Have a question about this project? Sign up for a free GitHub account to open an issue and contact its maintainers and the community.

By clicking “Sign up for GitHub”, you agree to our terms of service and privacy statement. We’ll occasionally send you account related emails.

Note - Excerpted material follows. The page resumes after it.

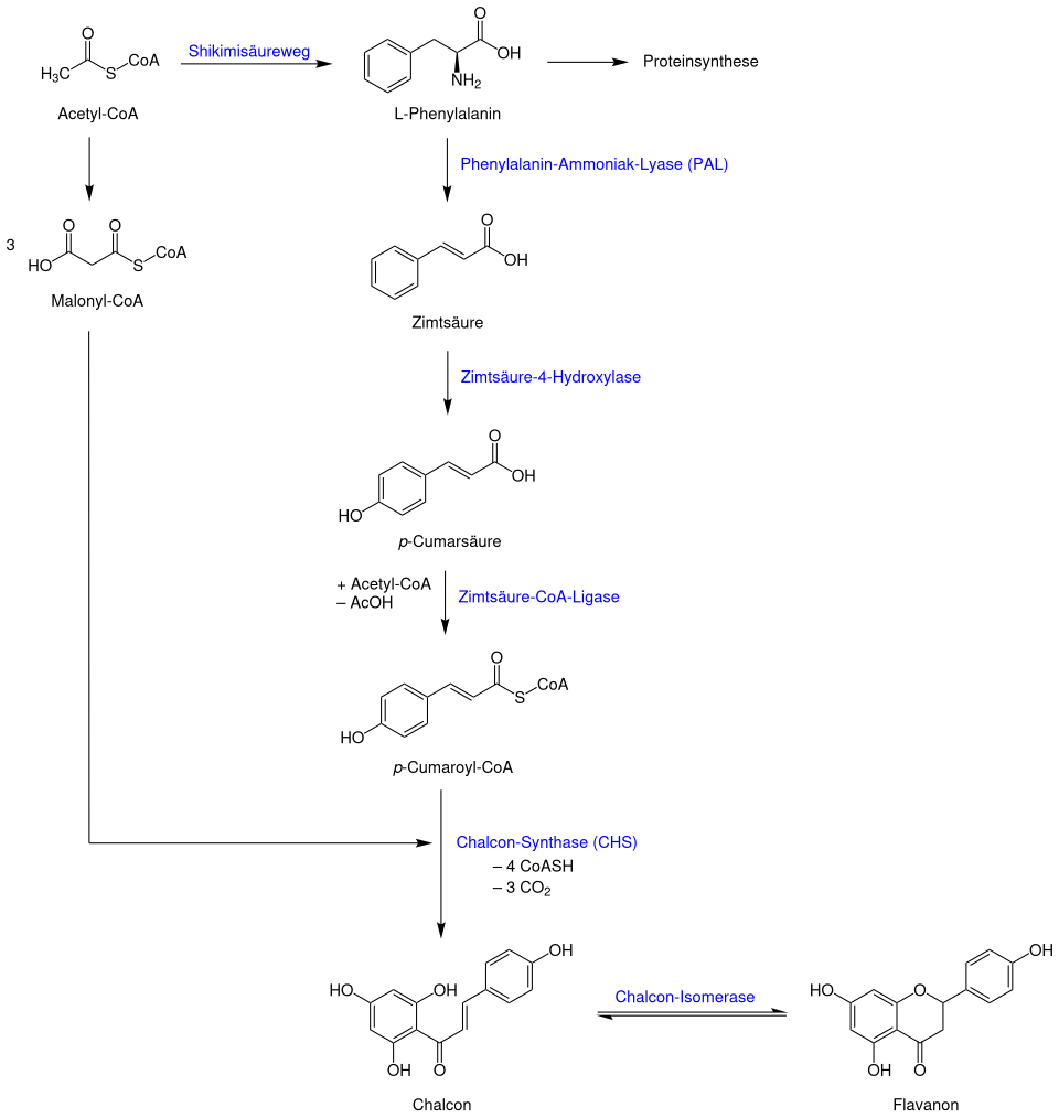Ausgangspunkt für die Biosynthese der Flavonoide ist die aromatische Aminosäure Phenylalanin, die über den Shikimisäureweg gebildet wird. Phenylalanin wird durch die Phenylalanin-Ammoniak-Lyase (PAL) in trans-Zimtsäure umgewandelt. Diese wird wiederum durch die Zimtsäure-4-Hydroxylase zu p-Cumarsäure hydroxyliert. Dieser Weg ist allen Phenylpropanoiden gemeinsam. Die p-Cumarsäure wird zu Cumaryl-Coenzym A aktiviert.[7]

Already on GitHub? Sign in to your account

NaN in coefficient when using model with several covariates (but FDR < 1) #135

Closed
fbrundu opened this issue Jun 15, 2020 · 9 comments
Closed

Comments

@fbrundu
Copy link

fbrundu commented Jun 15, 2020

Hi! Thanks for your work on this tool.
I have an issue computing differential gene expression in a model with several covariates.
The model is the following:

~ group + n_genes + pair + percent_mito + percent_ribo_p

where group is the condition that I want to test (i.e. Case or Control). n_genes is the number of detected genes, pair is a categorical label that indicates the batch, percent_mito and percent_ribo_p are respectively the percentages of mitochondrial RNA and of the ribosomal proteins RNA in each cell.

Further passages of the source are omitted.